People v Waite
2014 NY Slip Op 06020 [120 AD3d 1446]
September 4, 2014
Appellate Division, Third Department
Published by New York State Law Reporting Bureau pursuant to Judiciary Law § 431.
As corrected through Wednesday, October 29, 2014


[*1]
 The People of the State of New York, Respondent, v James Waite Jr., Appellant.

Erin C. Morigerato, Albany, for appellant.

Alexander Lesyk, Special Prosecutor, Norwood, for respondent.

Egan Jr., J. Appeal from a judgment of the County Court of St. Lawrence County (Richards, J.), rendered September 24, 2012, convicting defendant upon his plea of guilty of the crime of criminal possession of marihuana in the second degree.

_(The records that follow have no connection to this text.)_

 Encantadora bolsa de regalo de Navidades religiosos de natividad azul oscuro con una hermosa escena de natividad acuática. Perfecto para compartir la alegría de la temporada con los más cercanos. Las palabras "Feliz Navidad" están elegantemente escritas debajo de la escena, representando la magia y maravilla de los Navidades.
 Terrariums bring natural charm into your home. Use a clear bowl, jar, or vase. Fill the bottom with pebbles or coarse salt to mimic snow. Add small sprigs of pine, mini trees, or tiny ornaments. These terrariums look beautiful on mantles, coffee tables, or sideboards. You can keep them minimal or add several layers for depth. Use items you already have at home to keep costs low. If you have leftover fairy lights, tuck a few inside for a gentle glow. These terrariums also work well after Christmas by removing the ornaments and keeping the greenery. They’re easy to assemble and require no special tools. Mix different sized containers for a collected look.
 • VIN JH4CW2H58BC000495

In full satisfaction of an indictment and other uncharged crimes, defendant pleaded guilty to criminal possession of marihuana in the second degree and waived his right to appeal. County Court thereafter sentenced defendant to two years in prison, followed by one year of postrelease supervision, to be served concurrently with the sentence defendant already was serving. Defendant now appeals.

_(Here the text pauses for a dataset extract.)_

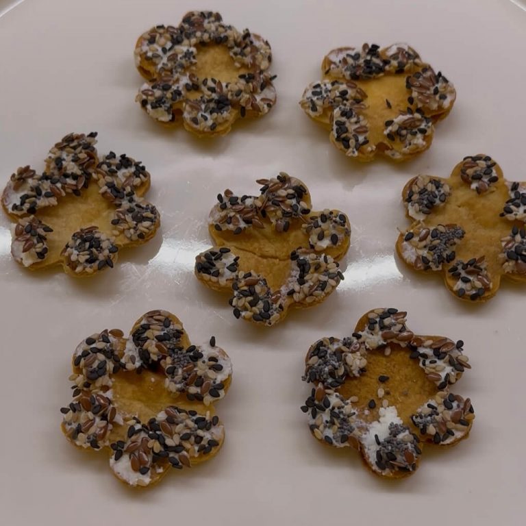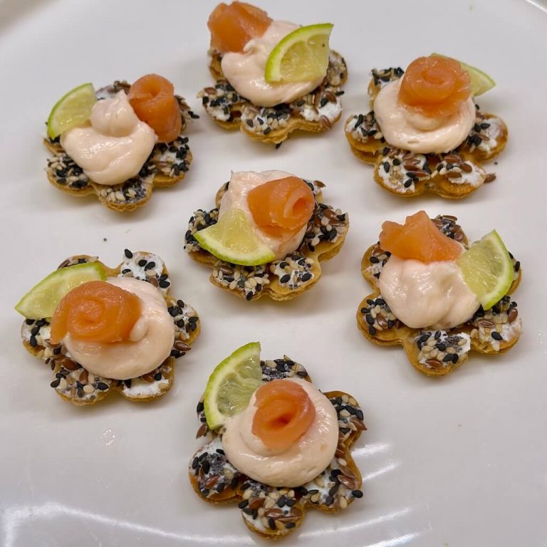 Per renderli ancora più belli e colorati ho usato un mix di semini sui bordi e fettine di lime e roselline di salmone affumicato (realizzate semplicemente arrotolando delle fettine di salmone).

We affirm. Defendant's challenge to the validity of his appeal waiver is without merit. Our review of the plea colloquy and the written waiver executed by defendant reveals that he was apprised of and understood the rights he was relinquishing, including the right to appeal his sentence. Accordingly, we conclude that defendant's waiver was knowing, intelligent and voluntary (see People v Newton, 113 AD3d 1000, 1000-1001 [2014], lv denied 23 NY3d 1041 [2014]; People v Smith, 112 AD3d 1232, 1232 [2013], lv denied 22 NY3d 1203 [2014]). Although defendant's challenge to the voluntariness of his plea survives his appeal waiver, it is unpreserved for our review, inasmuch as the record does not reflect that defendant made an appropriate postallocution motion (see People v Trombley, 115 AD3d 1114, 1114 [2014]). [*2]Further, the narrow exception to the preservation rule was not implicated, as defendant did not make any statements during the plea colloquy that cast doubt upon his guilt or otherwise called into question the voluntariness of his plea (see People v Bressard, 112 AD3d 988, 989 [2013], lv denied 22 NY3d 1137 [2014]; People v Osgood, 111 AD3d 1029, 1030 [2013], lv denied 22 NY3d 1089 [2014]). Finally, defendant's contention that his sentence is harsh and excessive is precluded by his valid appeal waiver (see People v Campbell, 114 AD3d 996, 997 [2014]; People v Graves, 113 AD3d 998, 999 [2014], lv denied 23 NY3d 1037 [2014]).

McCarthy, J.P., Garry, Lynch and Clark, JJ., concur. Ordered that the judgment is affirmed.